96話 空白の記憶
「――ここは…………」
気付けばアクトは、真っ直ぐな空間がどこまでも続く長い廊下に、ぽつんと立っていた。まるで身体の動かし方を忘れてしまったかのように微動だにせず、彼は呆然と佇んでいた。
「……終わった、のか……?」
やがて、目が覚めたように意識が現実を正しく認識し始める。
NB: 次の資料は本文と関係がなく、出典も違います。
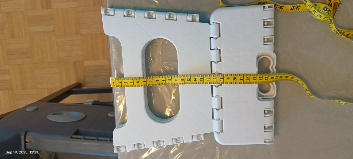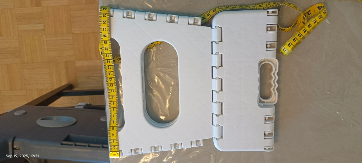 Here's a handy white folding step stool! It's lightweight and easy to store when not in use. The measurements are included in the photos.

霞む視界は真っ赤に染まり、だらりと垂れ下がる右手には、流れ落ちた血が蒸発する程の光熱を帯びた聖剣。
壁に設置されたランタンと小さな窓ガラスから差し込む光だけで、辺りはかなり薄暗いが……あの身が凍えるような暗闇が充満していた謎の異空間よりは、遥かにマシだった。
激闘によって記憶が殆ど抜け落ちていたが、思い出した。ここは校内選抜戦決勝の舞台である屋内フィールド。真祖吸血鬼フェリドが「空想結界」とやらで作った異空間から、現実世界に戻ってきたのだ。
「がはっ! うっ……く……げほっ……ッ!」
その事実を認識した途端、アクトの身体から急に力が抜けていく。代わりに襲い掛かってきたのは、未曾有の疲労感と激痛。たまらず膝をついて倒れそうになるところを、アクトは何とか踏みとどまった。
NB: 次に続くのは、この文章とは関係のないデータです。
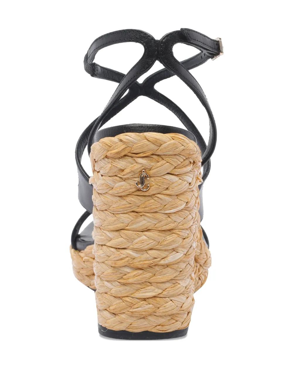 black buckle-fastening ankle strap square open toe high wedge heel branded leather insole

戦闘高揚が終わったのだろう。無数の切創、裂創、刺創、大量出血、《修羅の八刀》の効力切れによる身体能力の低下、魔力枯渇症、エトセトラ……限界を騙して身体を酷使した反動が、全て返ってきたのだ。
最早、立っているのも困難。正直、今すぐにでも横になりたい……だが、まだ倒れる訳にはいかない。これだけの傷を付けまくってくれた敵の死体を確認するまでは。
「エクス、無事か……?」
『――問題ありません。日頃の鍛錬の賜物でしょう。精霊権能解放に伴う私の存在規格への負荷は、以前よりも軽微です。マスター自身の損耗も抑えられている様子、非常に助かります』
アクトの呼びかけに、彼の頭の中で賞賛と共に応じるエクス。
学院襲撃事件で聖剣の「奥の手」を使った際、エクスは力を使い果たして休眠状態に陥った。それと比べると今回は受け答えがはっきりしているので、負荷が減ったのは確かなのだろう。
加えて、《限界突破》と「奥の手」を使っても意識を失っていない点では、この一戦はアクトの成長の証だと言える。しかし、エクスの言葉に対しアクトは「いいや」、と頭を振った。
「俺もまだまだだ。ていうか、助かったっていうならそれはこっちの台詞だぜ、エクス。俺が腹をぶち抜かれそうになった時、『銀輝魔甲』に魔力を送ってくれたんだよな?」
フェリドが捨て身の反撃を仕掛けてきたあの時。漆黒の杭に貫かれるのもお構いなしに剣を振り続けていたアクトには、回避に意識を割いている余裕などなかった。
もし「銀輝魔甲」の魔法障壁がなければ、もしエクスが魔力を回していてくれなければ、今頃アクトの腹には大きな風穴が空いていたに違いない。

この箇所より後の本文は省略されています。